What this task involves: Any pictures in the records below must be left out when you repeat the lines from the line containing "Режими роботи: спіраль, ліхтар, репелент, power" through the line containing "Abdul Hadi is" exactly.

Source material:
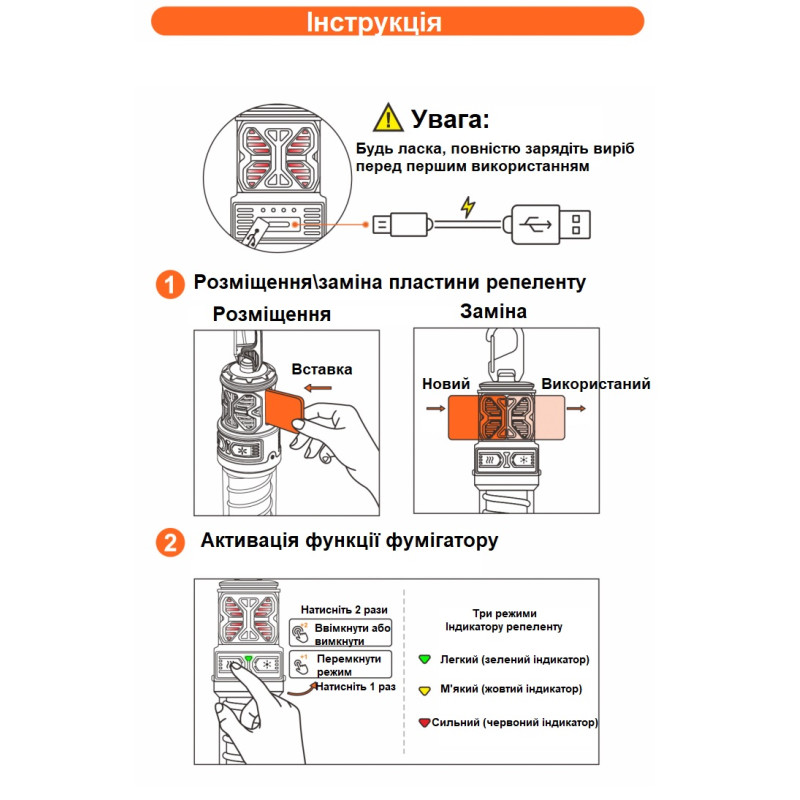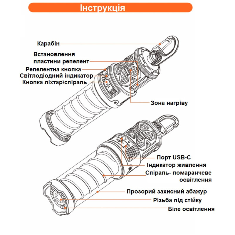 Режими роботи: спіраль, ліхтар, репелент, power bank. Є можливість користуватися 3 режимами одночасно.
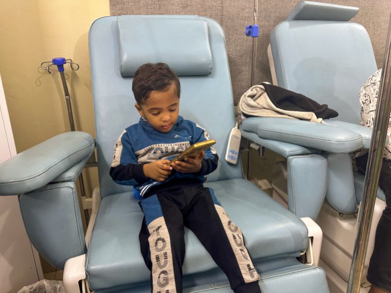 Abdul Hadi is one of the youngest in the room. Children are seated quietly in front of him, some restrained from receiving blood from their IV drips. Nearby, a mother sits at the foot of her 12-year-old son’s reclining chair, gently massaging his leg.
--
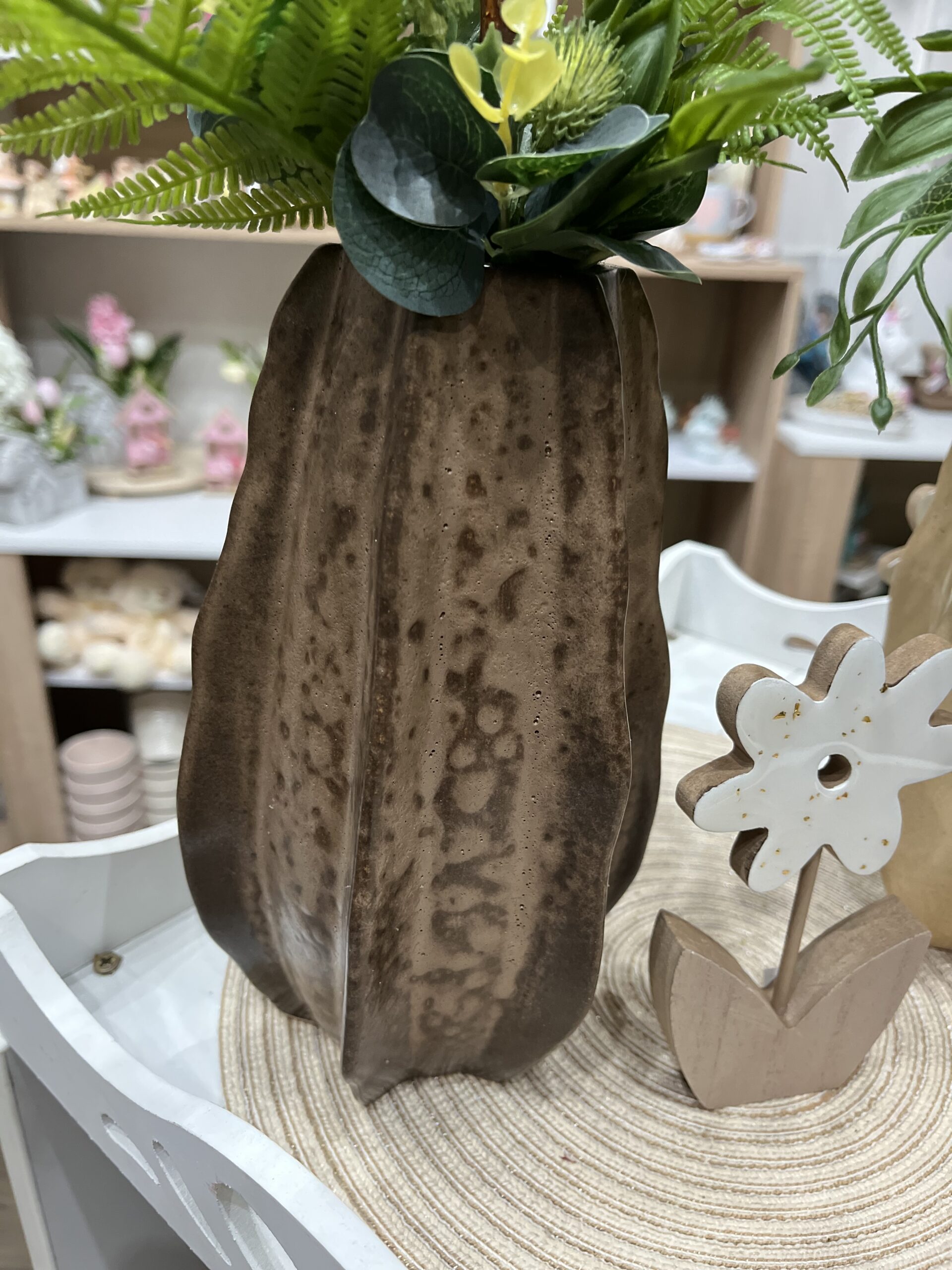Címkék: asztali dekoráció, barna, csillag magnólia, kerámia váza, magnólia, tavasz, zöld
...
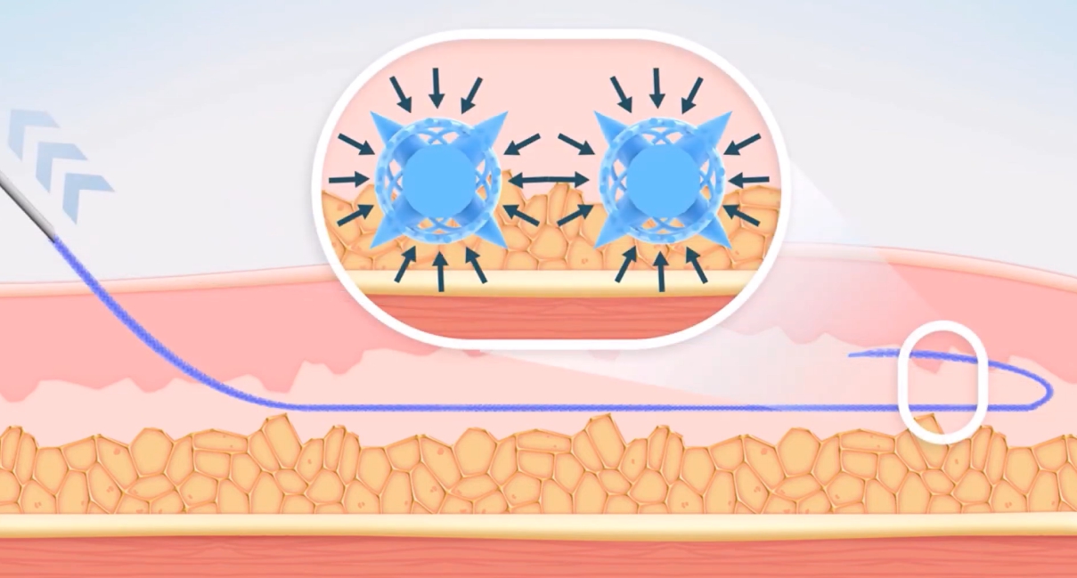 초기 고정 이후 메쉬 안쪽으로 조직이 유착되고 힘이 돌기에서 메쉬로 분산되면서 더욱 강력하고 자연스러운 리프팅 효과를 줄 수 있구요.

Answer to the problem:
 Режими роботи: спіраль, ліхтар, репелент, power bank. Є можливість користуватися 3 режимами одночасно.
 Abdul Hadi is one of the youngest in the room. Children are seated quietly in front of him, some restrained from receiving blood from their IV drips. Nearby, a mother sits at the foot of her 12-year-old son’s reclining chair, gently massaging his leg.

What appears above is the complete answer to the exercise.